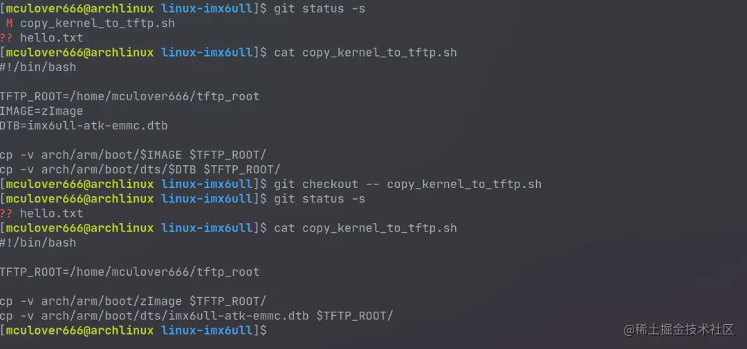 在工作区中干活的时候,如果文件改炸了,需要恢复到上次提交/暂存的状态,重新修改,可以使用命令:
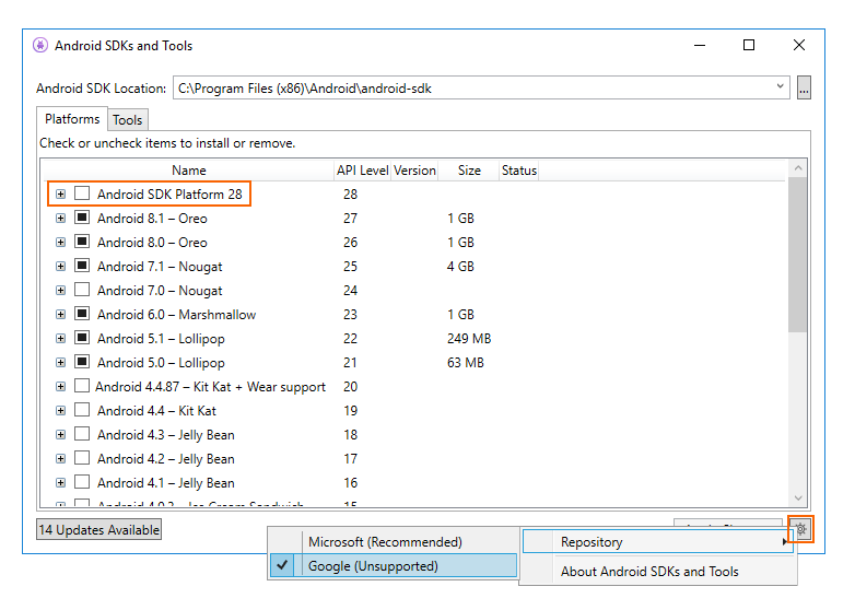 When the Google repository is selected, additional packages may appear in the Platforms tab that were not available previously. (In the above screenshot, Android SDK Platform 28 was added by switching to the Google repository.) Keep in mind that use of the Google repository is unsupported and is therefore not recommended for everyday development.
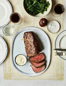 | Herb Pepper-Encrusted Beef Fillet Recipe - Food.com beef fillet steak, evaporated milk, tarragon vinegar, oil, thyme, tarragon, rosemary, pepper, shallot, mustard, salt This is a delicious treat! I would enjoy this with a baked potato, salad, and some bread. Give it a try, I know you will love it! Serving Size: 1 (52) g Servings Per Recipe: 8 AMT. PER SERVING % DAI...
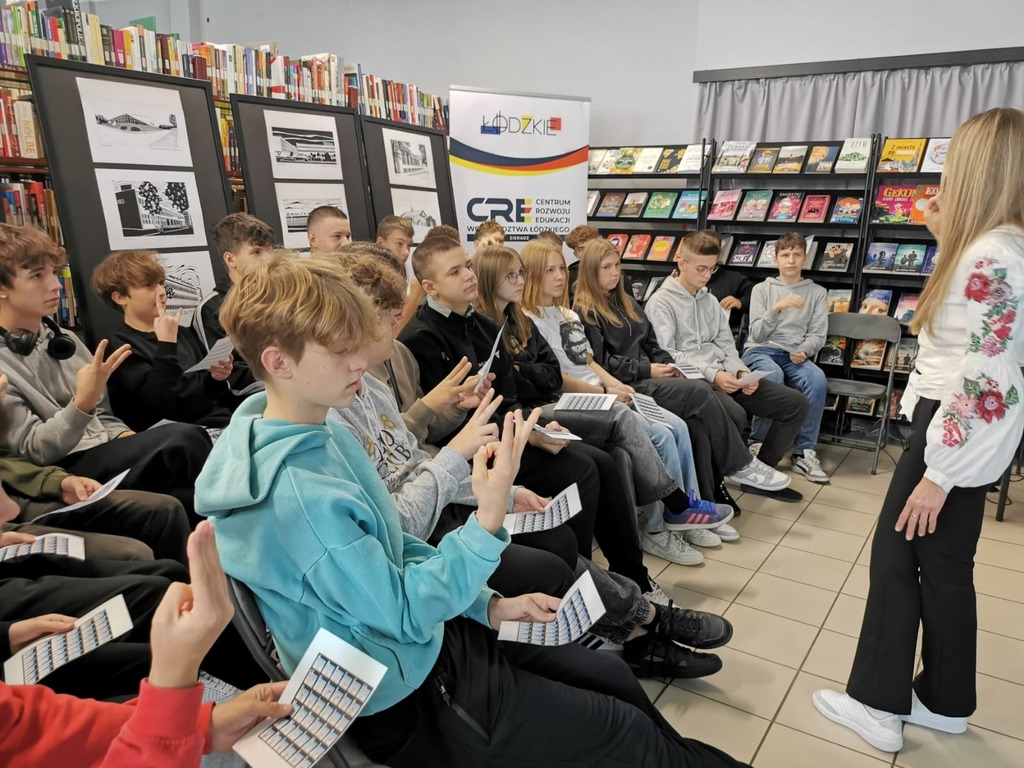 Podczas zajęć młodzież poznała alfabet palcowy i kilka podstawowych znaków Polskiego Języka Migowego (PJM), który służy do komunikowania się osób niesłyszących jak i słyszących. Naszym uczniom udało się zamigać w PJM „ Dzień dobry, lubię bibliotekę”. Dziękujemy bibliotece pedagogicznej za zaproszenie, życząc Wszystkim Osobom Głuchym z okazji ich święta, które miało miejsce w niedzielę 29 września, powodzenia w realizacji swoich celów.
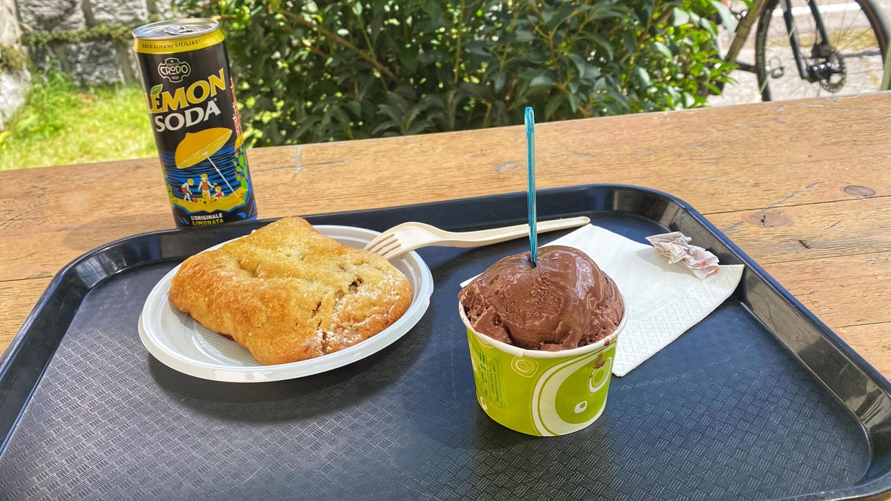 Beneden vind ik een ijskraam / delicatessenzaak, wat een ideale lunchplek is. IJs, zelfgemaakte Apfelstrudel, fruit en broodjes voor onderweg; dat is precies wat ik nodig heb. Perfect om mee door te gaan naar de Povlakte. Ik kom in de vallei in de buurt van Trento en zie ten westen van me wolken opkomen. Mooi, want ik ga de andere kant op. In Trento ga ik inderdaad naar het oosten en heb ik nog een smerig steil klimmetje voor de boeg. 20 plus procent en ik ga hier helaas lelijk op mijn bek. De ketting vloog er namelijk af en wanneer je in het luchtledige trapt is het snel klaar bergop. Het is zonder erg, maar dit betekent wel dat ik een stuk moet lopen. Met ruime dubbele cijfers weer op gang komen lukt me niet.
-----
ASSIGNMENT: In the copy, leave out all pictures, and retype exactly each line from the one with "Podczas zajęć młodzież" through the last line of the entries.

COMPLETED EXERCISE:
 Podczas zajęć młodzież poznała alfabet palcowy i kilka podstawowych znaków Polskiego Języka Migowego (PJM), który służy do komunikowania się osób niesłyszących jak i słyszących. Naszym uczniom udało się zamigać w PJM „ Dzień dobry, lubię bibliotekę”. Dziękujemy bibliotece pedagogicznej za zaproszenie, życząc Wszystkim Osobom Głuchym z okazji ich święta, które miało miejsce w niedzielę 29 września, powodzenia w realizacji swoich celów.
 Beneden vind ik een ijskraam / delicatessenzaak, wat een ideale lunchplek is. IJs, zelfgemaakte Apfelstrudel, fruit en broodjes voor onderweg; dat is precies wat ik nodig heb. Perfect om mee door te gaan naar de Povlakte. Ik kom in de vallei in de buurt van Trento en zie ten westen van me wolken opkomen. Mooi, want ik ga de andere kant op. In Trento ga ik inderdaad naar het oosten en heb ik nog een smerig steil klimmetje voor de boeg. 20 plus procent en ik ga hier helaas lelijk op mijn bek. De ketting vloog er namelijk af en wanneer je in het luchtledige trapt is het snel klaar bergop. Het is zonder erg, maar dit betekent wel dat ik een stuk moet lopen. Met ruime dubbele cijfers weer op gang komen lukt me niet.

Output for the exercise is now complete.